Chapters 6 & 7 Flashcards
Statistical Inference
A procedure by which we use information from a sample to reach conclusions about a population. 2 general areas: Estimation and Hypothesis Testing
Estimation
Uses sample data to calculate a statistic.
Sampled Population
The population from which you draw your sample
Target Population
The population you wish to make an inference about; the population you wish to generalize your results to
Point Estimate
A single numerical value used to estimate the corresponding population parameter
Interval Estimate
A range of values (with a lower and upper bound) constructed to have a specific probability (or confidence) of including the population parameter
Estimator
The rule that tells us how to compute the estimate
Estimate
A single computed value
Precision of the Estimate (Margin of Error)

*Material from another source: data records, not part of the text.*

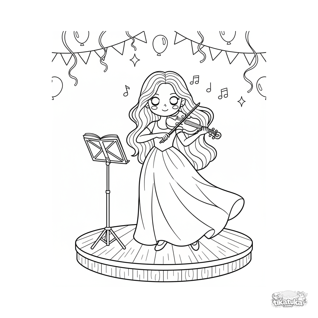Ausmalbild für Kinder 7-9: Ein Mädchen im Anime-Stil spielt Geige auf einer Bühne in einem Festsaal. Musikaufführungsszene.
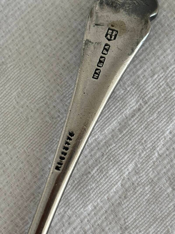 Verzilverde Engelse eierhouderset. Gemerkt aan de onderzijde en op de lepels. Met mooie patina, naar wens verder op te poetsen.
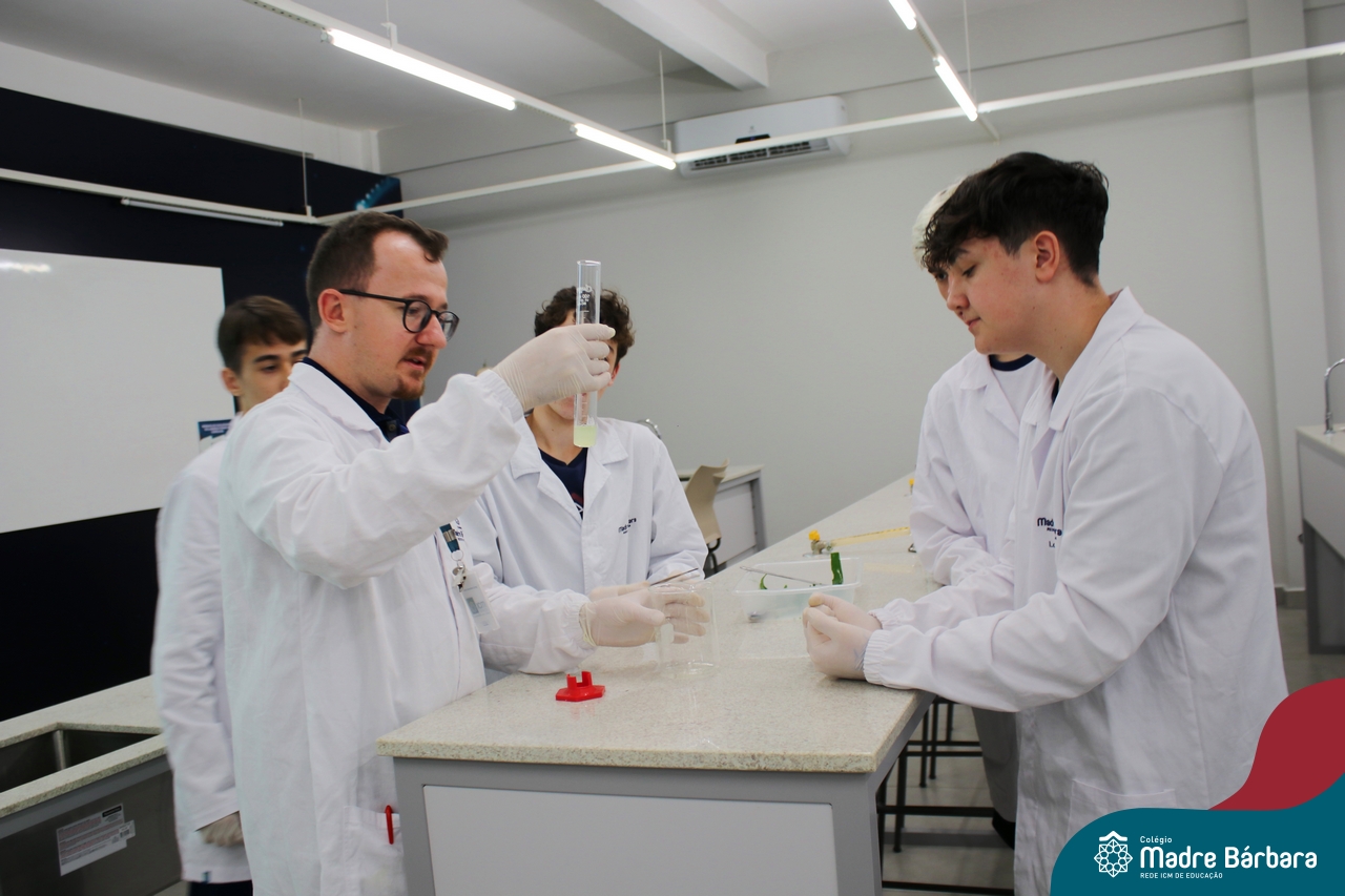 Os estudantes da 1ª série do Novo Ensino Médio foram desafiados a relacionar o uso de produtos naturais na formulação de cosméticos. A partir da sua pesquisa, os estudantes formularam um xampu à base de produtos naturais, fazendo uso de produtos regionais. A proposta de ensino faz parte do itinerário formativo, do Novo Ensino Médio, Investigação Científica: da Cosmetologia à Farmácia e é coordenada pelo professor de Química Aliar Anacleto Jung.

Reliability Coefficient times Standard Error
Reliability Coefficient
Z or T value when finding CI
Probabilistic Interpretation
In repeated sampling of a normal distribution population with a known s.d., 100(1-alpha) percent of all intervals will in the long run include the population mean.
Practical Interpretation
When sampling a normally distributed population with a known s.d., we are 100(1-alpha) percent confident that the single computed interval will contain the population mean
Z Values for 90, 95, and 99% CIs
90 = 1.645, 95 = 1.96, 99 = 2.58
T-Statistic
the result of using s instead of sigma is a distribution with a s.d. > 1, so it is not normal. The resulting distribution is the t-distribution
Degrees of Freedom (df)
the number of independent pieces of information that go into the estimate.